A typical single CFD contour (a) and a 2-D slice of test area in a white dashed box (b) at the inlet flow rate of 10 ml min⁻¹ condition. The arrows on the channel indicate the flow direction of corrosion medium in the bioreactor.

Table 2.

The flow rate, flow-induced shear stress and mass transfer coefficient at each condition.
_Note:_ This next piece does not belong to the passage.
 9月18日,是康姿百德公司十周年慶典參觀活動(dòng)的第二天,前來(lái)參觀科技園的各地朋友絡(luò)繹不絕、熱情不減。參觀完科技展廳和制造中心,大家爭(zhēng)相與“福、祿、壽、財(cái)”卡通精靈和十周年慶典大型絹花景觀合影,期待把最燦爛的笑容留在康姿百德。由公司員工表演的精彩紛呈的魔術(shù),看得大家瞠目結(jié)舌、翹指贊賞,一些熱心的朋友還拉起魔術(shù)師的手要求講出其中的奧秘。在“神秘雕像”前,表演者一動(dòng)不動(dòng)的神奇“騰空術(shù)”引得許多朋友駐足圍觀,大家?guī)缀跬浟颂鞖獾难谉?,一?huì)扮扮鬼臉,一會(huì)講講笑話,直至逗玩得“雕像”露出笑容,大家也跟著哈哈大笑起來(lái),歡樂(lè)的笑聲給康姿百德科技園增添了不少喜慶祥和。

Flow rate (mL min−1)	Shear stress (Pa)	Mass transfer coefficient (m s−1)
0	0	0
5	0.07	9.6
10	0.15	14.1
20	0.31	20.2
40	0.62	28.6

3.2. Corrosion types of MgZnCa alloy under different flow conditions

Based on the corrosion morphologies (Fig. 3), the flow mainly affects two types of corrosion, uniform corrosion and localized corrosion. The macro-morphologies suggest that localized corrosion events dominate the corrosion processes on the overall surface of the test areas (Fig. 3a–c). The relatively flat regions represent uniform corrosion with complete corrosion layer (Fig. 3d–f). Under the static condition (FISS = 0 Pa), some pieces of corrosion products deposit on the surface. With the increase of FISS, severer localized corrosion attacks and faster removal of corrosion products on the localized corrosion areas are clearly observed (Fig. 3a–c), and a growing attacks of filiform corrosion appear on the micro-morphologies surfaces of the uniform corrosion areas (Fig. 3d–f).

Fig. 3.

SEM images of the localized and uniform corrosion regions on the surface of the test areas under the FISS values of 0, 0.15 and 0.62 Pa.
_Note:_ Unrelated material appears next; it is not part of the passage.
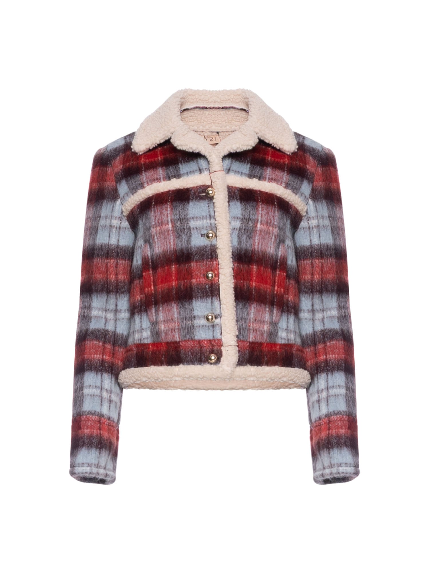 Eco-shearling-trimmed checked jacket featuring a cropped silhouette and straight fit. Crafted from a wool blend with a checked pattern in shades of red, light blue, and brown, it features beige eco-shearling trim on the collar, front, and hem, and a front button closure. The jacket has long sleeves and high front patch pockets.

3.3. In-situ and real-time EIS

One key aspect to this investigation, which differs it from previous Mg electrochemical studies, is to understand the hydrodynamic corrosion mechanism of Mg utilizing an in-situ and real-time approach. In the case of hydrodynamic environment, the in-situ data can provide more reliable results. As described in the introduction, the rapid fluctuation on anodic characteristics of Mg makes the Tafel extrapolation technique essentially reliable only for the short-term or transient estimation of corrosion rate, while for that long-term corrosion determination EIS is more applicable, non-destructive and can perform continuous monitoring [3]. Furthermore, EIS tests can provide quantitative information on the corrosion process at the electrolyte/electrode interface as well as the changes of the electrode [18].

The EIS spectra of the typical specimens at the FISS values of 0, 0.07, 0.15, 0.31, and 0.62 Pa conditions are periodically recorded over 24 h in Fig. 4. Three time constants can be determined from the Bode plots of phase angle vs. frequency, which is in accord with the feature of the Nyquist plots. Two capacitive loops at high and medium frequencies and one inductive loop at low frequencies can be obviously identified on the most of Nyquist plots except the plots in the FISS values of 0 and 0.07 Pa conditions at 0.5 h. It is also evident that the phase angles are less than 0° in the low frequency range, indicating the inductance behavior [34]. In terms of the plots in the FISS values of 0 and 0.07 Pa conditions at 0.5 h, the impedance at low frequency is the sum of the contribution of a high capacitance and a low inductance, which leads to an invisible inductive loop and positive phase angles. A three-time-constant electrical equivalent circuit (EEC) is used to fit the impedance response (Fig. 5). By using this EEC a good fit is obtained with an average value of χ² = 3.7 × 10⁻⁴ ± 1.5 × 10⁻⁴. A constant phase element (CPE) is used to model the electrode capacitive behavior in the practical situation. CPE is often used to describe a non-ideal capacitive behavior due to different factors such as distributed surface reactivity, surface inhomogeneity, roughness or fractal geometry, electrode porosity and non-uniform current and potential distributions [35]. The impedance of a CPE is given by the following Eq. (4):

$$Z_{\text{CPE}}=Q^{-1}{\left(j\omega \right)}^{-n}\text{with}-1\le n\le 1$$ (4)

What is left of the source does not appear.